Aujourd'hui, j'ai eu la preuve par A+B que quand on veut réussir dans la musique, il faut y aller au culot, et pas autrement. Ce matin, je me réveille, il pleut des cordes. Mais je dois aller chercher ma batterie qui pèse dix tonnes, à la marina de Funchal où les tchèques et les suisses viennent enfin d'arriver. Nous nous préparons à partir avec Pedro, et il me demande si je prends mon chariot de romano. Je lui dis que non, il pleut trop, je vais trouver nulle part où chanter, tu penses que je devrais le prendre? Oui, on sait jamais... Ok. Dans la voiture je réfléchis, et je dis à Pedro: "Je sais, je vais aller au Dolce Vita center, je vais me poser en vitesse et attendre qu'ils me virent, ça se trouve ils aimeront tellement qu'ils auront pas le courage de me mettre dehors..." "why not crazy french girl? You're a kamikaze singer!" "Yes! exactly!". Il me dépose à la marina, j'arrive avec des croissants chauds plein les bras pour les suisses et les tchèques, mais c'est toujours la déprime chez les tchèques, ils n'ont que de très minces chances de trouver un job, morte-saison oblige, et la marina veut qu'ils payent d'avance, ce qui leur est complètement impossible... Les croissants apportent un peu de réconfort, et la vision de mulet surchargé que je donne une fois tout mon bardas sur le dos et sur le charriot leur fait venir un petit peu de sourire.
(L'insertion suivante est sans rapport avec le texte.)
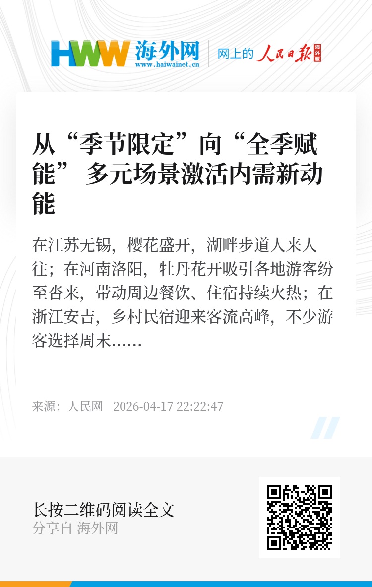 叶胥认为,应在产业培育上提前布局、统筹规划。一方面要依托春景、春茶等特色资源,开发沉浸式体验和季节性产品,延长消费链条;另一方面也要前瞻布局跨季节产品和场景,实现由春及夏的消费衔接。同时,通过冷链物流和加工技术提升季节性产品的“保鲜能力”,拓展销售周期和市场空间,推动春日消费向常态化、持续化转变。(人民网记者 王绍绍 实习生祝铭旋对本文亦有贡献)

Je pars, traînant un ampli, un guitare, un tabouret, une batterie de 10-15kg, un pied de micro, un micro, un jamman, un sac a dos, un pupitre... te motz! Ok, I come back with big money, see you tonight! Et hop, en rou
J'arrive, suant, transpirant, je vais au rez-de-chaussée, et commence à m'installer, tranquilou bilou, comme si de rien était.... J'étais sur le point de dégainer ma gratte, d'armer le jamman et de tirer ma première chanson quand une hotesse vient me voir, tout sourire (conversation en portugol que je vous retransmets en français):
- Je peux vous demander ce que vous faites?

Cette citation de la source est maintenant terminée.